The DXY is trading a bit in nomad's land, with not really any significant support levels nearby. More downside looks inevitable with 102.00 up next, which bears some pivotal relevance. Once through there, the road is open for another leg lower to 100.61, the low of 2023.

US Dollar FAQs

The US Dollar (USD) is the official currency of the United States of America, and the ‘de facto’ currency of a significant number of other countries where it is found in circulation alongside local notes. It is the most heavily traded currency in the world, accounting for over 88% of all global foreign exchange turnover, or an average of $6.6 trillion in transactions per day, according to data from 2022. Following the second world war, the USD took over from the British Pound as the world’s reserve currency. For most of its history, the US Dollar was backed by Gold, until the Bretton Woods Agreement in 1971 when the Gold Standard went away.

The most important single factor impacting on the value of the US Dollar is monetary policy, which is shaped by the Federal Reserve (Fed). The Fed has two mandates: to achieve price stability (control inflation) and foster full employment. Its primary tool to achieve these two goals is by adjusting interest rates. When prices are rising too quickly and inflation is above the Fed’s 2% target, the Fed will raise rates, which helps the USD value. When inflation falls below 2% or the Unemployment Rate is too high, the Fed may lower interest rates, which weighs on the Greenback.

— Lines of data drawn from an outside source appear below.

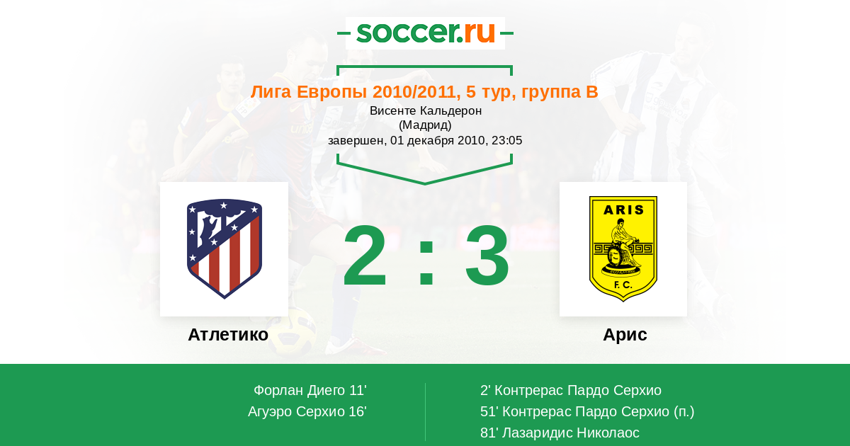 Протокол матча Атлетико против Арис
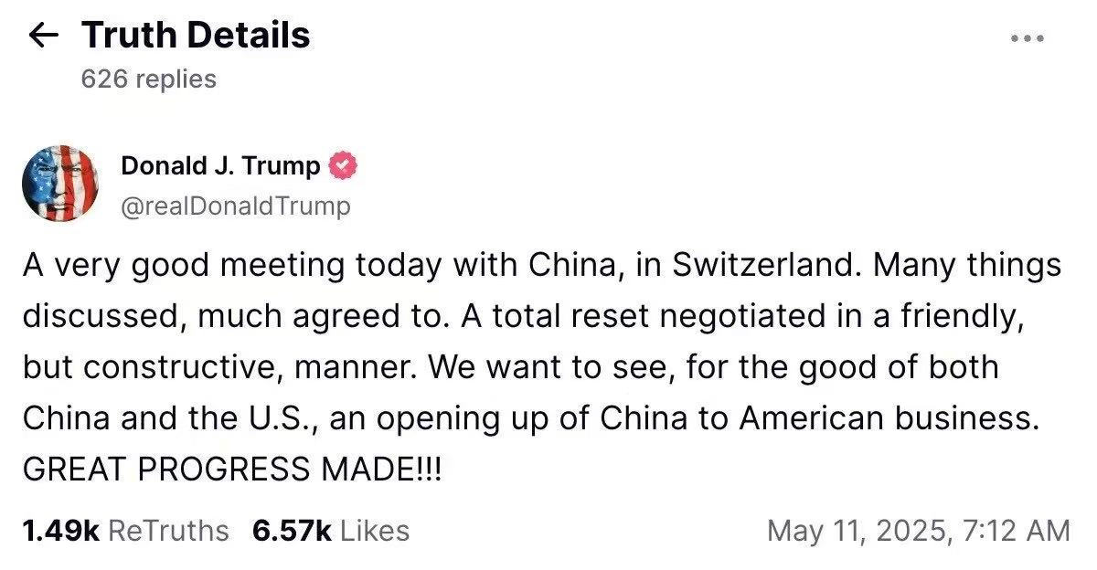 "A very good meeting today with China, in Switzerland. Many things discussed, much agreed to," Trump posted on his Truth Social platform, adding: "We want to see, for the good of both China and the U.S., an opening up of China to American business. GREAT PROGRESS MADE!!!"
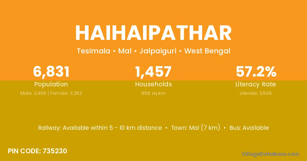 Mal (7 km) is the nearest town to Haihaipathar village for major economic activities and is located approximately 7 km away.

In extreme situations, the Federal Reserve can also print more Dollars and enact quantitative easing (QE). QE is the process by which the Fed substantially increases the flow of credit in a stuck financial system. It is a non-standard policy measure used when credit has dried up because banks will not lend to each other (out of the fear of counterparty default). It is a last resort when simply lowering interest rates is unlikely to achieve the necessary result. It was the Fed’s weapon of choice to combat the credit crunch that occurred during the Great Financial Crisis in 2008. It involves the Fed printing more Dollars and using them to buy US government bonds predominantly from financial institutions. QE usually leads to a weaker US Dollar.

Quantitative tightening (QT) is the reverse process whereby the Federal Reserve stops buying bonds from financial institutions and does not reinvest the principal from the bonds it holds maturing in new purchases. It is usually positive for the US Dollar.